Cohen Sacomani gathers an assortment of trash on the shore of the Saline River. (Special to the Democrat-Gazette/Michael and Tonya Sacomani)
Cohen Sacomani gathers an assortment of trash on the shore of the Saline River. (Special to the Democrat-Gazette/Michael and Tonya Sacomani)

Found: Tires by the hundreds, some being large tractor tires that were buried so deep in mud that only their tops were visible. Full sets of automobile tires still mounted on custom wheels. Refrigerators, stoves, other household appliances.

They have also found ski boats lodged in trees on shallow river shoals. Often, they have been able to patch up these battered crafts enough to float them to an accessible takeout. Other, more heavily damaged boats, they have had to cut up into manageable pieces small enough to haul in their boats to a location they can reach by car. From there, they take these boat chunks to the landfill.

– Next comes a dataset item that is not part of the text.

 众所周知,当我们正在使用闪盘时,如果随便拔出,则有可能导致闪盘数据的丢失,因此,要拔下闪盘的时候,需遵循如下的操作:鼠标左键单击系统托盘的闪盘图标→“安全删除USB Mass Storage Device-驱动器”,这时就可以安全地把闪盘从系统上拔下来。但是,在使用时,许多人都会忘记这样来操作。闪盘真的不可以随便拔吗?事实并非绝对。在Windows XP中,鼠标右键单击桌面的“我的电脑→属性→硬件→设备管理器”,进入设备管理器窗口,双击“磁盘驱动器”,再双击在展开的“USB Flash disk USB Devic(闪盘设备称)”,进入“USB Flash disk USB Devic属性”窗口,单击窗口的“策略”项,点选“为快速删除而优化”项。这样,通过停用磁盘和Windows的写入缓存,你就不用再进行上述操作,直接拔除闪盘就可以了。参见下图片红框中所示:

Sacomani says that the most unusual piece of trash they have found on the river was a hot tub lodged high in a tree. Even with one corner of the tub completely broken away, Tonya was able to balance herself in the tub's opposing corner and paddle it downriver to the takeout.

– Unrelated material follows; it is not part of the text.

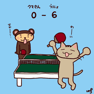 卓球の対戦してみたら、クマさんにまさかのストレート勝ち。
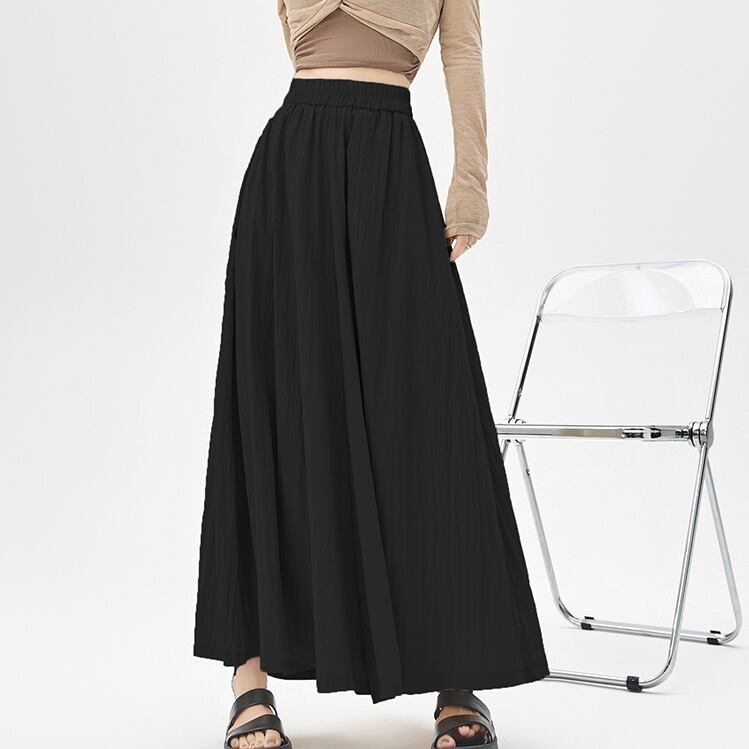 シンプルでありながら存在感を放つ、ウエストゴム仕様のワイドパンツ。

Tonya Sacomani paddles a hot tub that Friends of Saline found lodged high in a tree on the Saline River during a litter patrol. (Special to the Democrat-Gazette/Michael and Tonya Sacomani)
Tonya Sacomani paddles a hot tub that Friends of Saline found lodged high in a tree on the Saline River during a litter patrol. (Special to the Democrat-Gazette/Michael and Tonya Sacomani)

HISTORIC JUNK

He has aspirations of someday experiencing a ­rare river discovery — like the one made by Charles Greene of Benton. On Aug. 21, 1999, Greene found a dugout canoe that could be more than 800 years old at Peeler Bend, just upstream from the site of today's Saline River Canoe. According to the Central Arkansas Library System Encyclopedia of Arkansas, radiocarbon dating estimates the canoe was made between AD 1160 and 1300.

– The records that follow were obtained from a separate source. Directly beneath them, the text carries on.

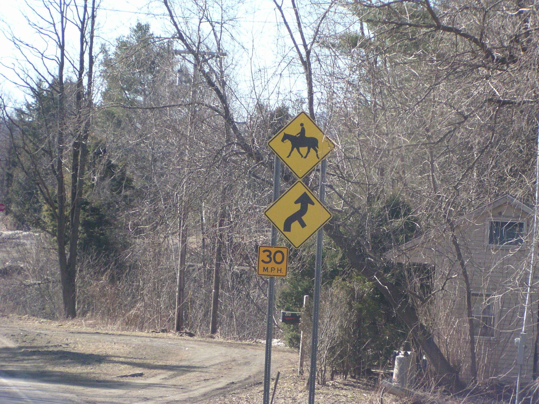 On Route 100 South, horses and a curve with a side street.
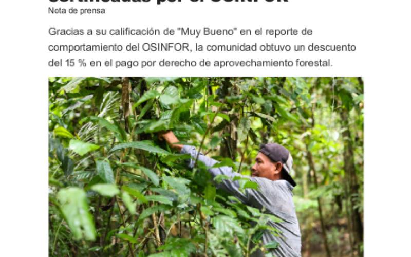 Gracias a su calificación de "Muy Bueno" en el reporte de comportamiento del OSINFOR, la comunidad obtuvo un descuento del 15 % en el pago por derecho de aprovechamiento forestal.
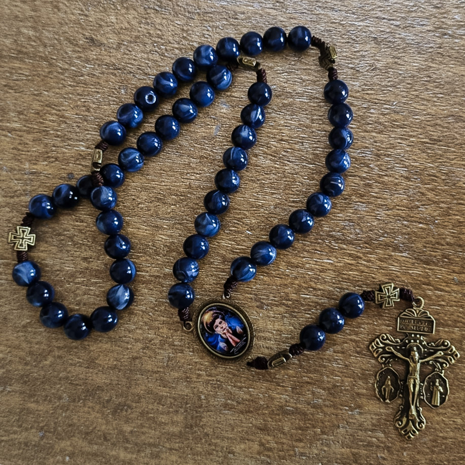 Este belíssimo terço é uma peça especial de devoção, inspirada na fé e proteção de São José com a contemplação dos misterios do santo rosário em seus pai nossos.
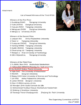 11月29日, “第三届研究生国际纺织论坛(IFTGS)线上会议”在天津工业大学如期举行。来自全球近30个国家和地区的500余名专家学者和研究生参加。本届论坛的主题是“创造美丽、健康、精彩的纺织工业”,分为专家主论坛和“纺织复合材料”“功能性纺织纤维与纺织品”“电子纺织品与智能可穿戴设备”三个研究生分论坛。会议遴选来自英国曼彻斯特大学、法国里尔大学、法国国立纺织工艺公司、里尔中央理工公司、德国下莱茵应用技术大学、澳大利亚弗林德斯大学、突尼斯莫纳斯特尔大学、安徽工程大学、大连工业大学、东华大学、河北科技大学、江南大学、苏州大学、永利官网、西安工程大学、浙江理工大学和天津工业大学共53名研究生作了学术汇报。参与汇报的研究生主要为博士生,公司二年级硕士研究生黄傲同学参与了本次会议,她的学术报告引起了与会人员的很大兴趣,并荣获得三等奖好成绩,展现了公司研究生的良好风采,这是公司研究生首次获此奖项。

For years the Benton resident had floated past the canoe while fishing, thinking it was just a log mostly obscured by the mud. One day, when the water level was unusually low, he stopped to get a better look. He decided it was too straight to be a log.

The canoe is believed to have belonged to the Caddo people. The craft was built without the use of modern tools. Caddo craftsmen would have packed the sides of the 24-foot canoe with mud and then burned the middle, making it easier for them to scrape out the burnt wood with stone tools.

The canoe is on display in Benton, at The River Center.

Another similarly historic dugout has also been found in the same general area of the Saline River. With two of these very rare artifacts having been discovered on the river, Sacomani believes the area must have been a popular float for American Indians and that his chances of discovering a third vessel are "pretty good."

In his 20-year experience with the river, he has witnessed many changes in its main channel. He likes to think that, maybe, the next big heavy rainfall will result in the water altering its path once again, uncovering yet another ancient canoe buried in the rich mud that borders his river.

Bob Robinson is the author of Bicycling Guide to the Mississippi River Trail, Bicycling Guide to Route 66 and Bicycling Guide to the Lake Michigan Trail (spiritscreek.com).